Em síntese, contrariamente ao modelo médico, o modelo social tende a promover alterações nos contextos de vida e nos contextos ambientais em alternativa à localização do(s) problema(s) no indivíduo. A deficiência passa a ter um estatuto adquirido, devido à forma como a sociedade avalia os comportamentos de determinado indivíduo e espera que ele se comporte dentro de um quadro definido como característico.

Shakespeare e Watson (1998) referem mesmo que os indivíduos enquadrados nesta categoria são um grupo social distinto, à semelhança dos negros e das lésbicas e gays, sugerindo que a deficiência é o produto de uma relação estrutural entre os indivíduos e a discriminação social. Esta tese leva um conjunto de autores a defender que, numa perspetiva socio antropológica, a deficiência pode ser vista como uma construção social (Rapley, 2004; Taylor, 2000; Whyte e Ingstad, 1995), uma vez que, à semelhança de outras formas de desvio social, o que apelidamos de deficiência não constitui uma condição objetiva, mas antes um conjunto de conceitos subjetivos atribuídos pelos responsáveis pela classificação (Bogdan e Taylor, 1994). A deficiência é efetivamente uma experiência em mudança social, decorrente da forma como a sociedade a estabelece, a organiza e a valoriza (Abberley, 2002), verificando-se que a sua conceptualização apresenta contrastes na história e de sociedade para sociedade (Barnes e Mercer, 2003).

Do reconhecimento das limitações de ambos os modelos surge um terceiro modelo, designado por modelo biopsicossocial que nasce das críticas ao modelo social, como resposta para melhorar as condições de vida das pessoas com deficiência.

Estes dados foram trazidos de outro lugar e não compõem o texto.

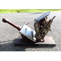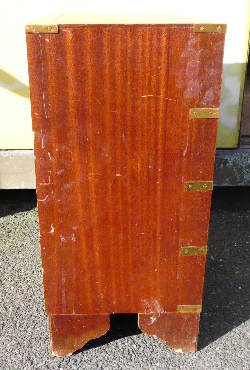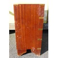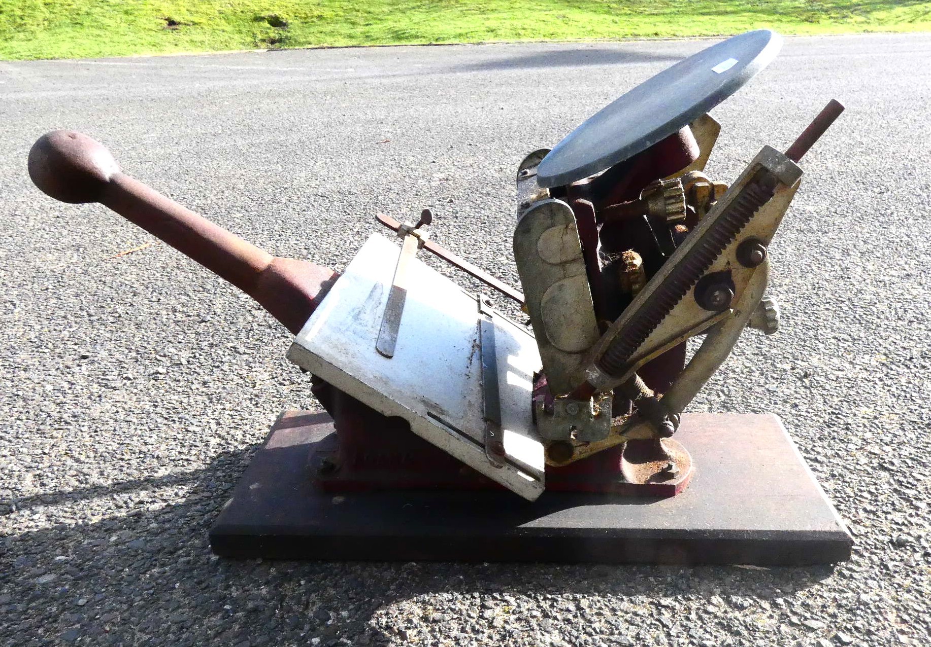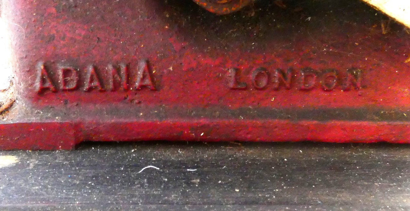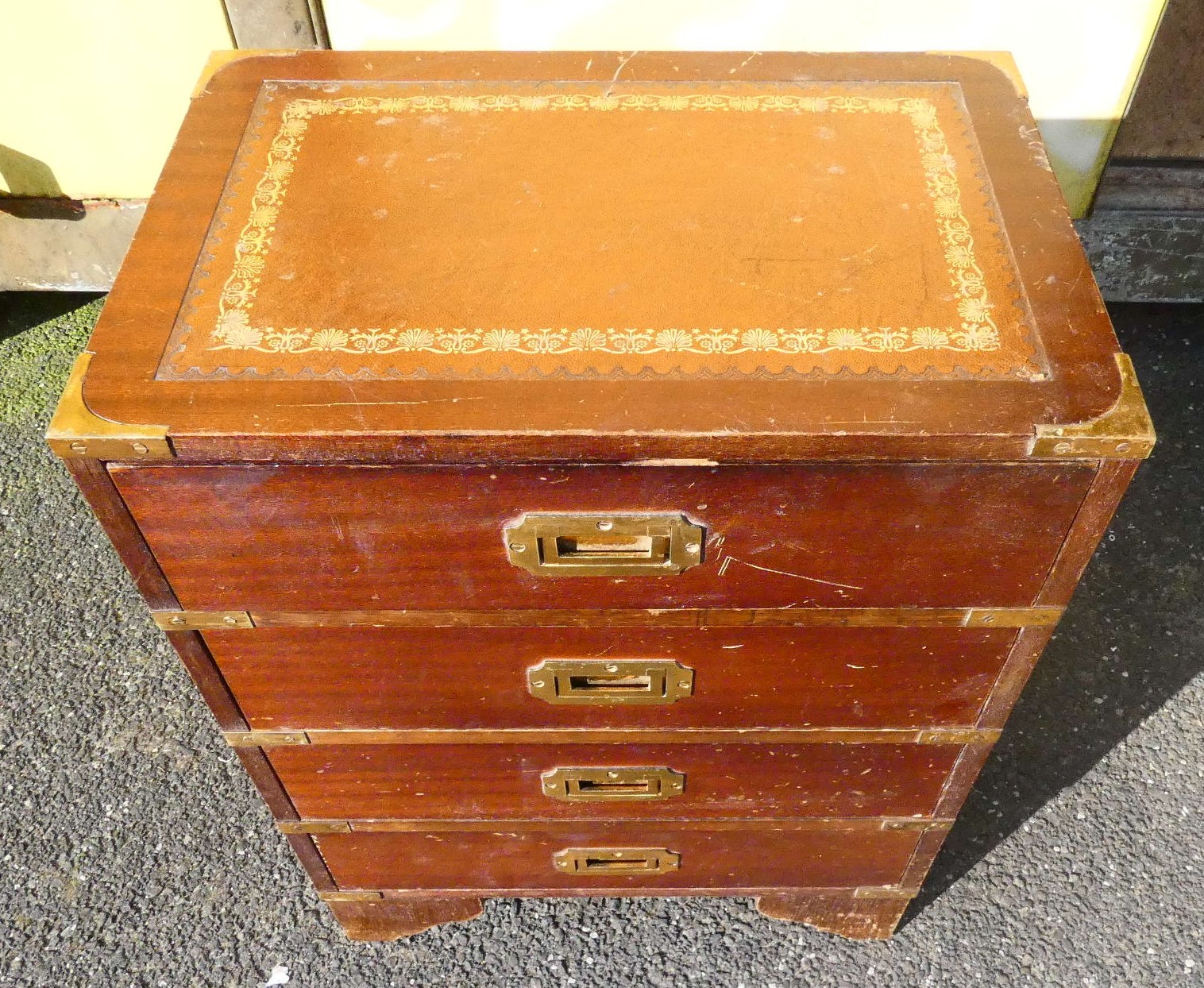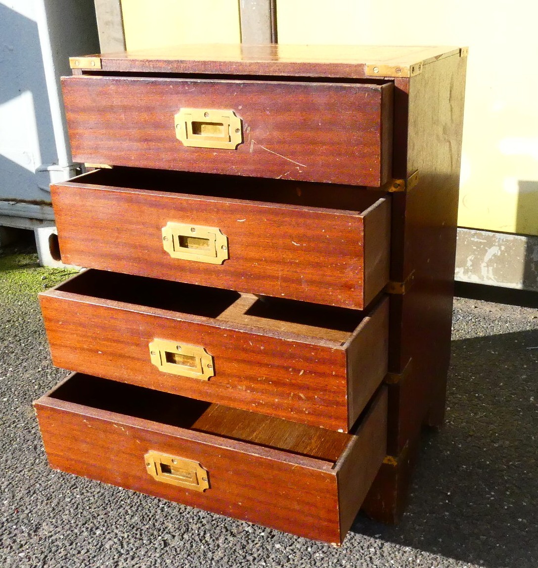 A four drawer mahogany veneered storage unit with bracket feet, a brown and gold embossed leather insert to the top, brass handles and brass corner brackets 46cm (W) x 30cm (D) x 62cm (H), also an Adana London hand operated printing press set on a wooden base.
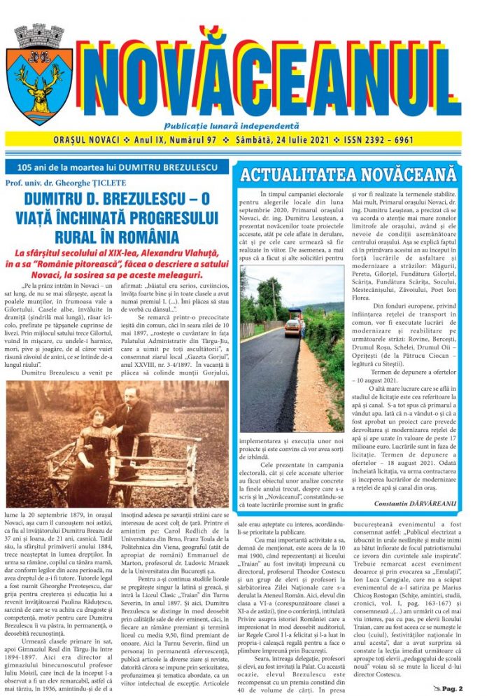 NOVĂCEANUL se deschide cu un extrem de documentat articol-studiu scris de Prof. univ. dr. Gheorghe Țiclete, ca un omagiu meritat la 105 ani de la moartea lui Dumitru Brezulescu. Chiar și titlul spune totul despre Dumitru D. Brezulescu – o viață închinată progresului rural din România. Se citează în șapoul însoțitor adnotări de La sfârșitul secolului al XIX-lea (când), Alexandru Vlahuță, în a sa „România pitorească”, făcea o descriere a satului Novaci, la sosirea sa pe aceste meleaguri. Ilustrat cu o fotografie de epocă, cu Dumitru D. Brezulescu în spatele unei băncuțe, probabil, din mesteacăn, stând în picioare în spatele băncuței și cu mâinile protectoare pe umerii unei frumoase și cochete doamne. Ne-ar fi greu să sintetizăm cele trei sferturi din prima pagină, așa că vom îndemna cititorul să caute NOVĂCEANUL tipărit ori să acceseze site-ul Primăriei orașului Novaci. ACTUALITATEA NOVĂCEANĂ, semnată și scrisă, fără patimă, de maestrul Constantin Dârvăreanu ne prezintă stadiul unor proiecte concrete ale Primarului urbei Novaci, dr. ing. Dumitru Leuștean. Suntem optimiști din fire și sper ca proiectele promise în campania electorală din luna septembrie a anului trecut, să nu rămână, ca la liberali, tot în stadiul de „vom face și vom drege”.

Do coro de críticas, emerge a reconceptualização da deficiência como forma de opressão, por “não considerar as experiências de dor, sofrimento e privação que podem estar associadas à condição física da pessoa com deficiência” (Portugal, 2011, p. 28). Implícita nesta crítica observa-se a necessidade de afirmar que a experiência de dor é objetiva e não apenas uma construção social.

Engel (cit. in CRPG/ISCTE, 2007) identifica este modelo como uma abordagem sistémica e interdisciplinar de interpretação do funcionamento humano, composto pela interação complexa entre múltiplos fatores: orgânicos, psicológicos e sociais. Para responder a esta nova perspetiva, a Organização Mundial de Saúde (OMS) propôs a Classificação Internacional de Funcionalidade, Incapacidade e Saúde (CIF) que defende corresponder a uma síntese entre o modelo médico e o modelo social, consubstanciada numa abordagem biopsicossocial capaz de oferecer “uma visão coerente das diferentes perspetivas de saúde: biológica, individual e social” (OMS, 2004, p. 22). De acordo com esta visão, a noção de deficiência assenta em três visões estruturantes: i) funcionamento do corpo, nomeadamente das funções fisiológicas e psicológicas, e da estrutura, que se refere às partes anatómicas; ii) atividades e participação; e iii) fatores ambientais que podem limitar a participação

(OMS, 2004). No ponto 1.1.2. será desenvolvida, mais em detalhe, o papel da Classificação Internacional de Funcionalidade, Incapacidade e Saúde (CIF) e o seu contributo para a classificação da DI.